The NSE Midcap gained 0.7 per cent to 14,695, extending this month's rally to 6.4 per cent. The benchmark Nifty 50 gained 0.25 per cent to 8,666.3, a new 15-month high.
Experts say the market gains, particularly in mid-cap stocks, is being fuelled by easy foreign institutional investor (FII) buying. FIIs have been net buyers of domestic shares worth Rs 11,000 crore for 15 consecutive sessions. Record low yields in the developed world and talk of further stimulus have created benign liquidity conditions, spurring gains in equities.
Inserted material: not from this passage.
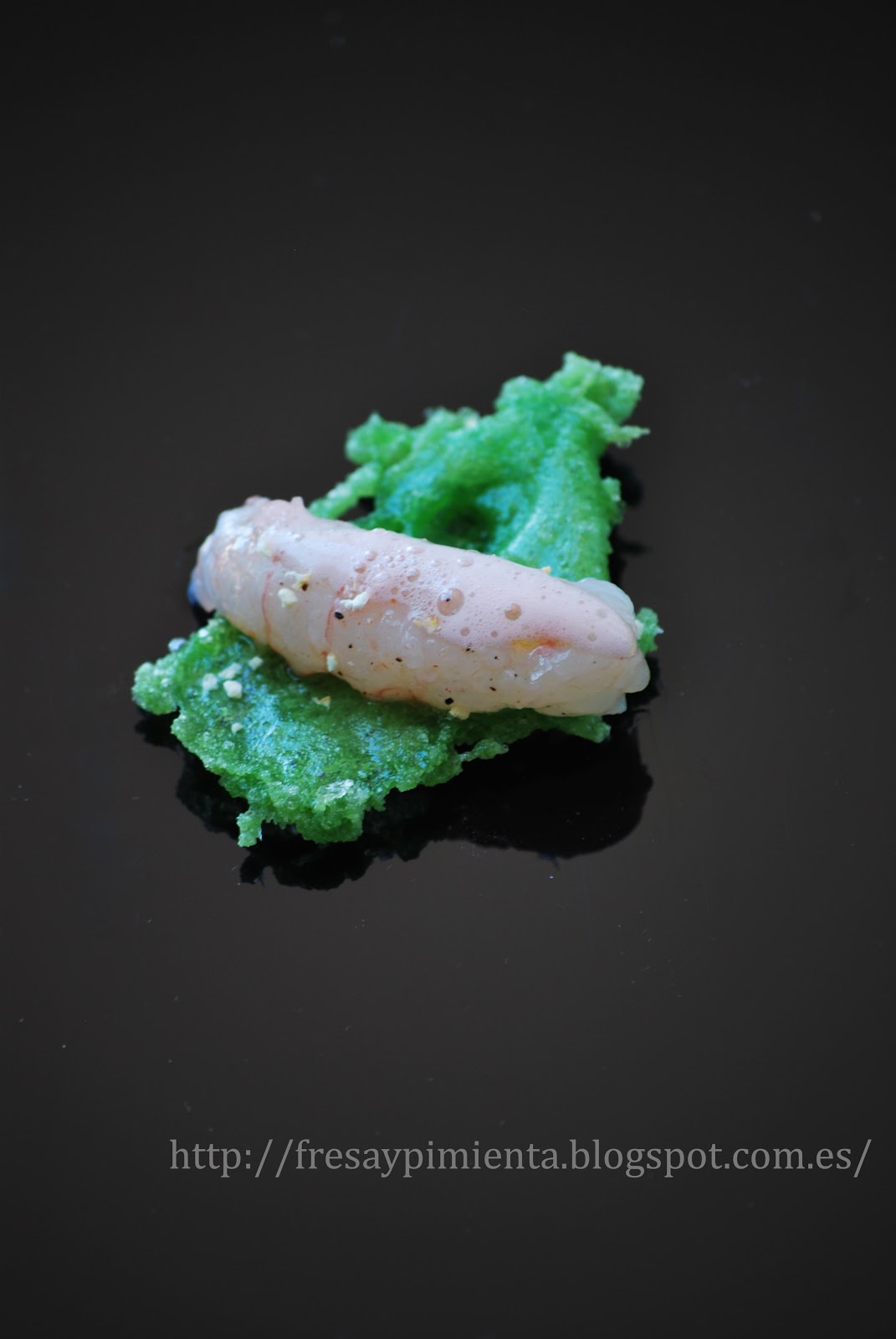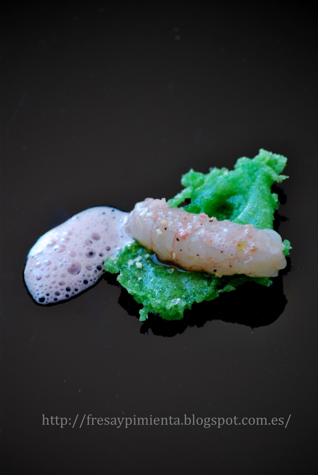 Una lámina crujiente elaborada con arroz verde vietnamita, es el soporte de esta cigala marinada en lima y jengibre. El vermut llega a este singular aperitivo en forma de un aire de Campari y granada.

Lack of further buying options in the large-cap space has also prompted FIIs to chase stocks in the mid-cap space, leading to expansion in their valuations. "The Nifty midcaps have rallied very sharply. Their P/E (price to earnings ratio) premium to the Nifty is at a 13-year high and is above levels seen in 2005, at the start of a sharp economic up-cycle. Mid-caps in that sense are already discounting a rapid acceleration of the Indian economy, an assumption that could come under stress in the short term," says Sanjay Mookim, India equity strategist at Bank of America Merrill Lynch.
Over the past year, mid-caps have progressively become more expensive than large-cap stocks. For instance, at the end of May 2015, the NSE Mid-cap 100 index was trading at a trailing 12-month P/E of 21.7, lower than the Nifty 50 trailing P/E of 23.1. The valuation began to move in favour of the mid-caps index from June 2015 and that index is now nearly twice as expensive as the Nifty 50 on a P/E basis, trading at around 42 times its underlying trailing earnings, compared to the Nifty 50's 23.6 times. The mid-cap index has rallied a little over 30 per cent from 2016 lows, compared to around 22 per cent gain on the Nifty.
Despite the sharp gains, there are still pockets of opportunities in the mid-cap space and investors need a stock-specific approach, say experts.
"In India, it is always been less about mid-caps as an asset and more about individual stock ideas. As an asset class, it does look very richly valued, compared to large-caps. It's at the top, so I will be cautious. But, even now, there are some compelling individual stock ideas," says Gautam Chhaochharia, head of research, UBS Securities India.